WASHINGTON — The Justice Department moved on Tuesday to allow federal inmates to remain on home confinement after the government declares an end to the Covid emergency, reversing a Trump-era legal opinion that said the Bureau of Prisons would have to recall them to federal facilities.
The shift was a rare instance in which Attorney General Merrick B. Garland reversed a high-profile decision made under the previous administration, and a victory for criminal justice advocates who had been pressuring the Justice Department on the issue.
“Thousands of people on home confinement have reconnected with their families, have found gainful employment and have followed the rules,” Mr. Garland said in a statement.
Congress gave the Bureau of Prisons the authority to release thousands of federal inmates to home confinement as part of the Coronavirus Aid, Relief and Economic Security Act, which passed in spring 2020 to address the myriad threats posed by the coronavirus pandemic, including the risk to people living and working in overcrowded prisons.
But in January, five days before President Biden took office, the Justice Department’s Office of Legal Counsel determined that nearly all those people would need to return to prison once the government said the pandemic no longer constituted an emergency.
Of the approximately 4,800 inmates who were placed on home confinement under the CARES Act, the Justice Department estimated, about 2,800 would have been returned to prison if the coronavirus emergency had ended immediately.
Mr. Garland had personally asked the Office of Legal Counsel to reconsider the opinion, a Justice Department spokeswoman said.
“We will exercise our authority so that those who have made rehabilitative progress and complied with the conditions of home confinement, and who in the interests of justice should be given an opportunity to continue transitioning back to society, are not unnecessarily returned to prison,” Mr. Garland said.
After department lawyers issued a memo on Tuesday that reversed its previous position, the attorney general called inmate advocates to inform them of the decision.

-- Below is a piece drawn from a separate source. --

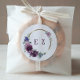 Design botânico com uma coroa de bolso de flores de aquarela púrpura numa estrutura circular dourada. Personalize-o com as iniciais do monograma da noiva e do noivo em roxo escuro.

Holly Harris, the president and executive director of Justice Action Network, a bipartisan criminal justice reform group, hailed the reversal.

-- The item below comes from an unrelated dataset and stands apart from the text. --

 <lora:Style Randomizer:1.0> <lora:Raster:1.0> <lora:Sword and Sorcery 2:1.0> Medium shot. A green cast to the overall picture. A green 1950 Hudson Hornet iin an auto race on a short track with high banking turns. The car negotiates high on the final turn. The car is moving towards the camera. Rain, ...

“The constant threat of returning to prison was so terrible,” she said. “People have gotten jobs and reconnected with their children. The relief they have to be feeling right now is overwhelming.”
The Trump-era memo had created a state of dread for those in home confinement.
“We’d been told over and over that the memo was off-limits and that there was no hope of reversing it,” Ms. Harris said. “But we’d been aware of other memos that had been overturned, and we felt that the administration could do it.”
In a phone call, Mr. Garland told Ms. Harris that the new opinion represented the legally correct conclusion. She said she also believed it was morally correct.
The Office of Legal Counsel said in its new memo that a more accurate reading of the law gave the Bureau of Prisons “discretion to permit prisoners in extended home confinement to remain there.”
Mr. Garland said in a statement that the Justice Department would come up with rules that would ensure that it “lives up to the letter and the spirit of the CARES Act.”
The Justice Department has declined to reverse other high-profile legal decisions that were made under President Donald J. Trump. It continued to keep secret a memo related to how William P. Barr, the former attorney general, considered how to interpret the findings of the special counsel’s report on Russian interference in the 2016 election. The department also chose to continue to defend Mr. Trump in a defamation suit filed by the writer E. Jean Carroll.
But the Justice Department under Mr. Garland has reversed course from the Trump administration on law enforcement and criminal justice issues. Mr. Garland imposed a moratorium on federal executions pending a review of the department’s policies and procedures. And he rescinded a policy that curbed the use of consent decrees to address police misconduct. The department also issued a memo directing law enforcement officers to use body cameras for the first time.